### INPUT FOR THIS TASK ###

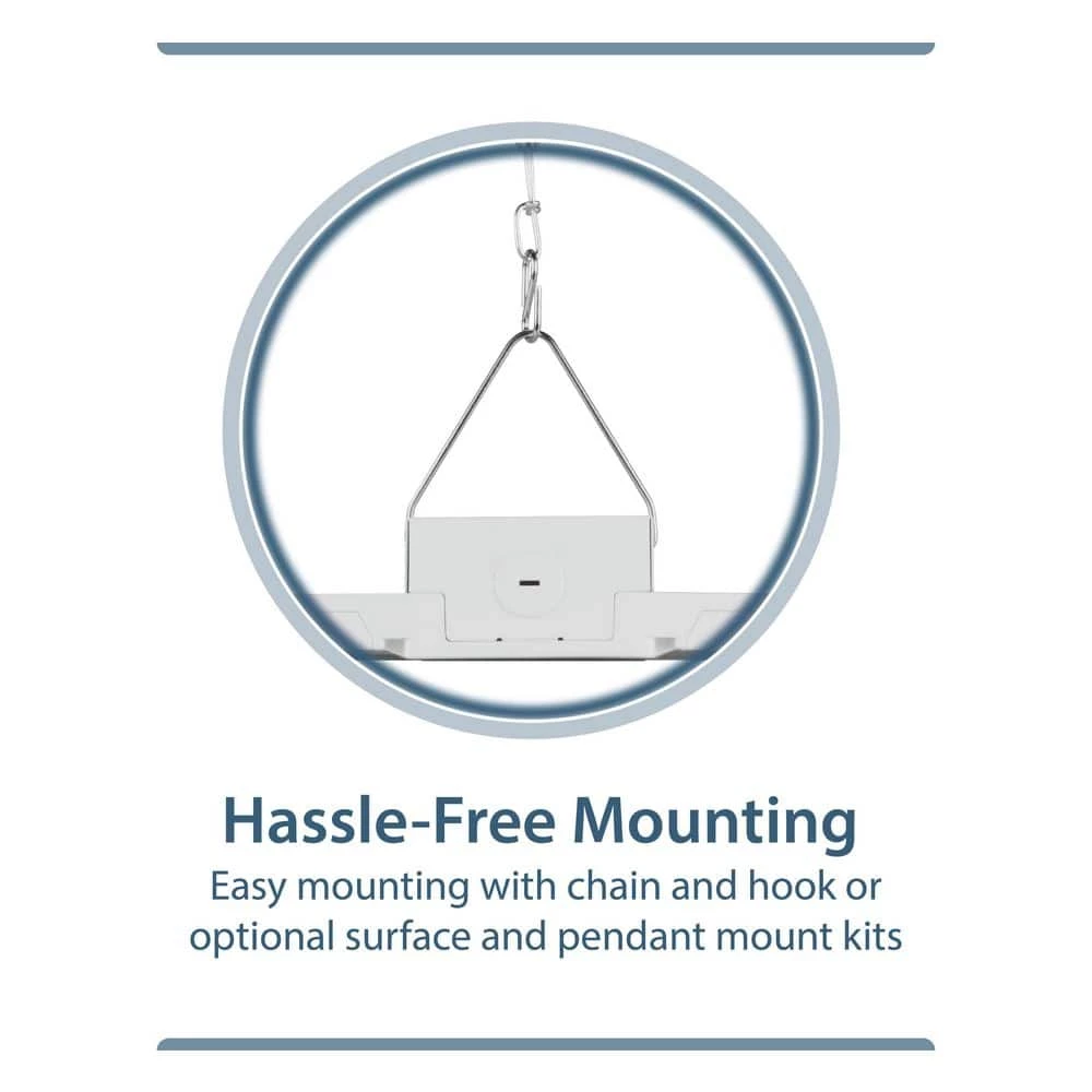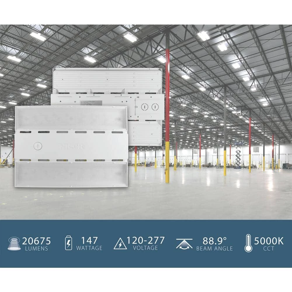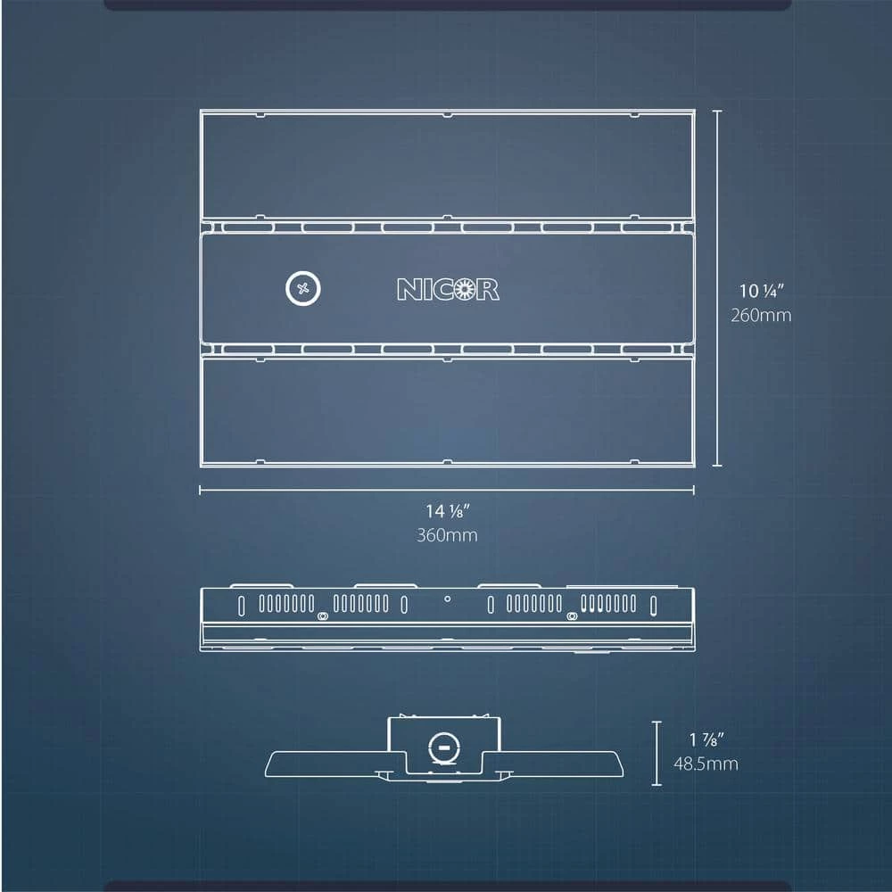 The HML1 is the newest addition to NICOR’s high bay product family. With it’s slim 10 in. x 14 in. footprint (on smaller wattages), the HML1 offers the high performance of a full-size fixture in a compact package. Available in 4000K and 5000K color temperatures with a variety of wattage and aisle distribution options, making it the ideal solution to replace traditional fluorescent fixtures. The HML1 also features a sensor socket option, allowing for field installation of motion sensor accessories adding to its versatility. The DLC 5.1 Premium fixture is equipped with built-in 0-Volt to 10-Volt Dimming (full-range) and is Damp-Location Rated. Included is a V-Hook and Chain mounting system for easy installation. With its durable single-piece cast aluminum design, the HML1 is perfect for rugged applications like warehouses, gymnasiums and other industrial or commercial spaces.
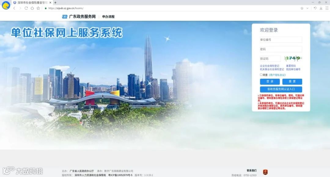 打开深圳市单位社保网上服务系统官网,输入单位编号、密码及验证码,勾选“同意《用户隐私协议》”点击“登录”。
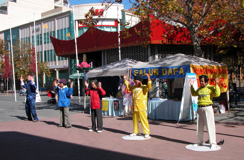 【明慧网2006年5月15日】为了庆祝第七届世界法轮大法日以及师尊华诞,澳洲堪培拉法轮大法学员在市中心举办为期两天的洪法活动,吸引了许多路过的市民前来了解法轮大法的美好。
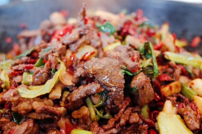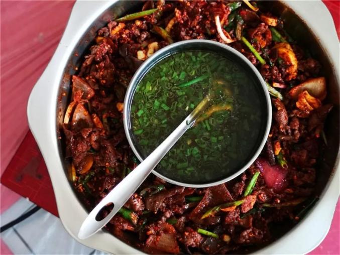 牛肉在贵州人的餐桌上也是一道必不可少的美食,盘州的牛肉因为肉质鲜美,营养价值极高而被当地人喜爱,每逢外地好友到此做客,他们都会推荐去吃吃当地最美味的干锅牛肉。
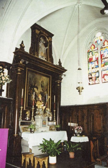 autel de Saint-Eloi avec son tabernacle, son retable et son tableau : Apparition de saint Eloi aux Charitables, buste de Saint Eloi cantonné par deux Angelots, la statue de Saint Eloi et quatre chandeliers

###

The entries above, without their pictures, should be written out exactly.

RESULT OF THE EXERCISE:
 The HML1 is the newest addition to NICOR’s high bay product family. With it’s slim 10 in. x 14 in. footprint (on smaller wattages), the HML1 offers the high performance of a full-size fixture in a compact package. Available in 4000K and 5000K color temperatures with a variety of wattage and aisle distribution options, making it the ideal solution to replace traditional fluorescent fixtures. The HML1 also features a sensor socket option, allowing for field installation of motion sensor accessories adding to its versatility. The DLC 5.1 Premium fixture is equipped with built-in 0-Volt to 10-Volt Dimming (full-range) and is Damp-Location Rated. Included is a V-Hook and Chain mounting system for easy installation. With its durable single-piece cast aluminum design, the HML1 is perfect for rugged applications like warehouses, gymnasiums and other industrial or commercial spaces.
 打开深圳市单位社保网上服务系统官网,输入单位编号、密码及验证码,勾选“同意《用户隐私协议》”点击“登录”。
 【明慧网2006年5月15日】为了庆祝第七届世界法轮大法日以及师尊华诞,澳洲堪培拉法轮大法学员在市中心举办为期两天的洪法活动,吸引了许多路过的市民前来了解法轮大法的美好。
 牛肉在贵州人的餐桌上也是一道必不可少的美食,盘州的牛肉因为肉质鲜美,营养价值极高而被当地人喜爱,每逢外地好友到此做客,他们都会推荐去吃吃当地最美味的干锅牛肉。
 autel de Saint-Eloi avec son tabernacle, son retable et son tableau : Apparition de saint Eloi aux Charitables, buste de Saint Eloi cantonné par deux Angelots, la statue de Saint Eloi et quatre chandeliers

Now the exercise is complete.